Бухарец тоже вспомнил давнюю встречу с русским учёным в Бухаре. Вспомнил, как читал заезжий петербуржец Корнин с отцом Тимура при бабушке Фатиме легенду о таинственном племени синеглазых памирцев. Лицо русского сейчас, из более чем тридцатилетней дали, наплыло на глаза туманным пятном. Кажется, одет он был как бухарец. «Вот и довелось увидеться, – пришла мысль. – Странная встреча. Но Корнин, если уцелеет, найдёт Мариам. Найдёт!». От этой мысли Тимур взбодрился, согрел ею закоченевшее тело.

Впереди стало различимо белое строение. Онуфриевская церковь. За ней, знал Тимур, погост с загодя вырытыми ямами для обречённых на расстрел. Ямы становятся могилами. Упавшего добивают выстрелами сверху и засыпают землёй в той позе, в какой принимает он смерть. «Сейчас конец, – с облегчением подумал Тимур. – Слава Аллаху!».

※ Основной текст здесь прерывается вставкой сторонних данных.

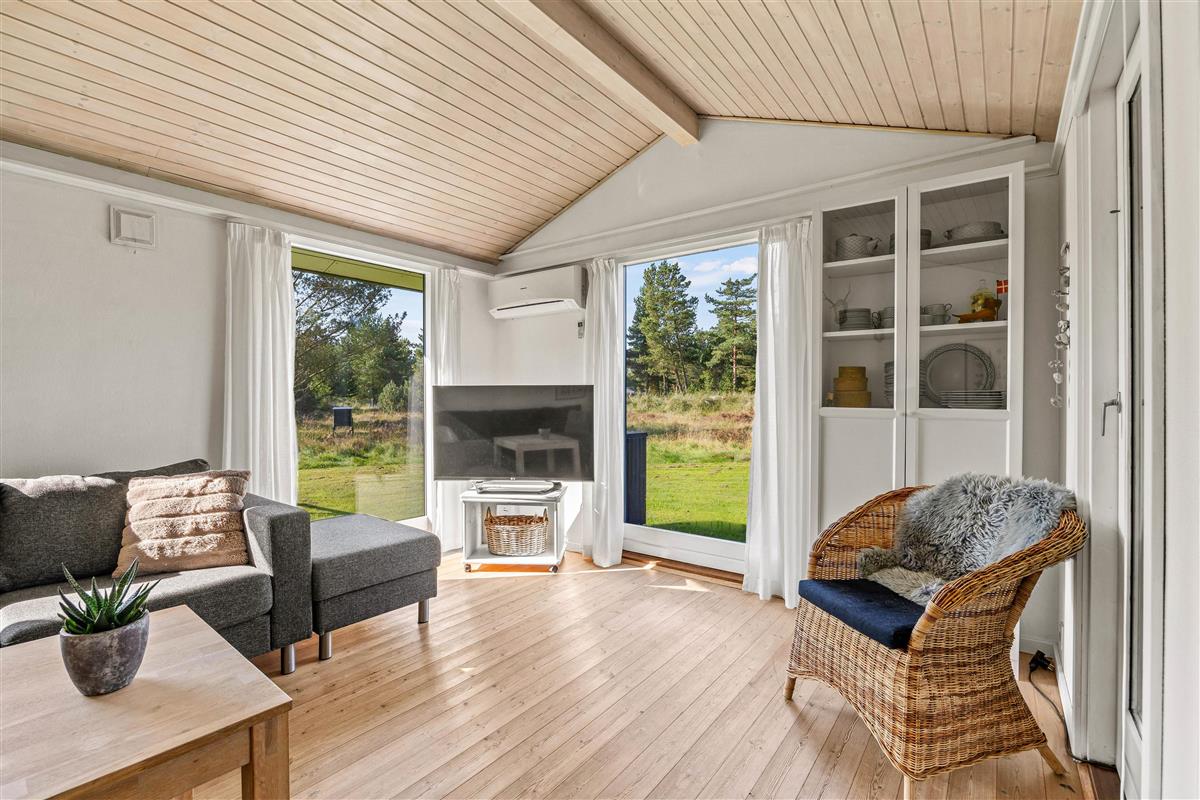 The holiday home enjoys an exceptionally peaceful location, close to Kallesmærsk Hede - a 11,636-hectare nature reserve that, while partially used as a military training area, is primarily known for its beautiful heathland, dunes and small woodlands, perfect for long walks.

Бородатый колобок в рясе с трёхлинейкой за спиной покатился вдоль чёрного ряда свежих расстрельных ям, заглядывая в каждую из них. Возле одной с двумя лопатами, воткнутыми в выброшенную наверх кучу земли, остановился. Искандеров медленно подошёл, невольно заглянул в зияющую дыру и отшатнулся: на дне могилы, его могилы, лежало аккуратно завёрнутое в рогожу тело. На груди белел православный крест. Конвоир перекрестился, прошептал молитву и что-то добавил, глянув на обречённого. «Что?» – переспросил тот, ожидавший окрика стать спиной к яме. «Повезло тебе, басурманин, – повторил инок-расстрига и стал раскручивать проволоку на руках конвоируемого. – Бери другую лопату! Засыпаем. Живо! Здесь тайное братство таких как я. Начальство оставило одну церковь для службы – приказ из Москвы. Среди заключённых много иерархов. Служат днём, по очереди, как положено. А мы, тось братчики, ночью. Понятно, то одного, то другого Господь забирает к себе. Так мы грешное тело не выдаём, тайно погребаем, а на место покойника осуждённого на смерть ставим, если мне выпадает казнить беднягу. Вчера отец Иоанн преставился, царство ему небесное. А тут ты, сердешный, под рукой оказался. Выпал тебе счастливый жребий. Мы не смотрим, кто магометанин, кто иудей, другой нехристь, Создатель разберёт. Теперь ты – отец Иоанн. Запомни! И бороду не стриги. С бородой все образины одинаковы. Хошь жить, принимай православное имя, нас под расправу не подводи. А не можешь, не молись по-нашему, стой себе в сторонке, когда служба, помахивай вот так – гляди! – руками, будто крестишься. Аллах тебя простит. Бог один. Он человека сотворил, чтобы тот жил и молился ему. Туда ж успеешь… Всё! Взмок? Ну, пошли трапезничать, Божий человек, а то застынешь».

Время приближалось к полудню. Серый рассвет уже выделил из тьмы и бугристый, с редкими крестами погост, и одноглавую церковь, и постройки вокруг неё. Новообращенному отцу Иоанну вернулось способность соображать. Он не узнавал своего конвоира. Куда делась комичная фигура! И подрос будто бородач в рясе, и телесной толщины его заметно поубавилось. И астматическое дыхание сменилось здоровым. В чём секрет превращения?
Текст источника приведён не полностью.